Book busts loyalty myths & explains strategies

WM Circle Logo

By: Wise Marketer Staff |

Posted on September 20, 2005

In their new book, a group of researchers from Ipsos debunk 53 accepted loyalty marketing practices and offer alternative strategies to set businesses back on track, concentrating on six strategic business areas including management practices, loyalty programmes, and profitability.

The book 'Loyalty Myths' (subtitled 'Hyped strategies that will put you out of business, and proven tactics that really work') asserts that most companies have not updated their methodology for capitalising on customer loyalty, and that many managers throughout the world are finding that their strategies aren't easily translating into business success and, worse still, may actually be costing them billions of dollars in missed profits.
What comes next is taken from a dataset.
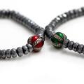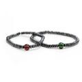 To pyritarmbånd med elastik prydet med talrige facetslebet pyrit samt perle med henholdsvis grøn og rød emalje og talrige enkeltslebne diamanter. Perlediam. 3–7 mm. Indvendig diam. 5,5–6,5 cm. Ca. 2013.

The authors examine the most popular maxims of customer retention, explaining why the faulty strategies fail, how they detract from effective management practices, and how they affect the bottom line.

Going to extremes
Although it's possibly an extreme generalisation, the authors boldly warn the business world: "Most of what we have been told about the relationship between customer loyalty and financial outcomes is false. The difficult truth regarding customer loyalty is that how it links to growth and profitability is far more complex than we have been led to believe. An improperly directed programme can result in keeping the wrong customers and ironically deflating an organisation's profitability. A blind pursuit of customer loyalty is at best a case of misallocated resources. But at worst it is a recipe for financial disaster."

Seven strategies
The book offers seven strategies for those businesses whose loyalty and retention efforts aren't producing the desired level of results. In summary, they include:

  1. Management style: Don't manage for customer retention before you manage for customer selection.
     
  2. Patience and planning: Customer loyalty takes more time to grow than most management teams have to give, so careful planning and much patience are required.
     
  3. Share of wallet: Focus on the customers' share of wallet, and don't disregard those customers with currently low shares - consumer polygamy is the rule these days, according to the authors.
     
  4. Mutual benefit: True loyalty requires mutually beneficial interactions, while many loyalty programmes are tilted in the company's favour.
     
  5. Response patterns: The chain of effects from loyalty to profit is twisted and complex, so you need to learn the specific response patterns of your customers and your industry.
     
  6. Employee relations: Satisfied and loyal employees can make a difference, although customer satisfaction and loyalty can also happen in the absence of employee satisfaction and loyalty.
     
  7. Branding and loyalty: Customer loyalty and brand imagery are far from independent, so they must be managed together.

Authors
Timothy Keiningham is senior vice president and head of consulting for Ipsos Loyalty, and has written much about customer satisfaction and loyalty. Terry Vavra is chairman emeritus for Ipsos Loyalty, as well as being a customer satisfaction and loyalty consultant and having been a graduate-level lecturer. Lerzan Aksoy is assistant professor of marketing at Koc University in Istanbul (Turkey), and her research interests include customer satisfaction, loyalty, and relationship management. Henri Wallard is CEO for Ipsos, and has direct responsibility for Ipsos Loyalty activities worldwide.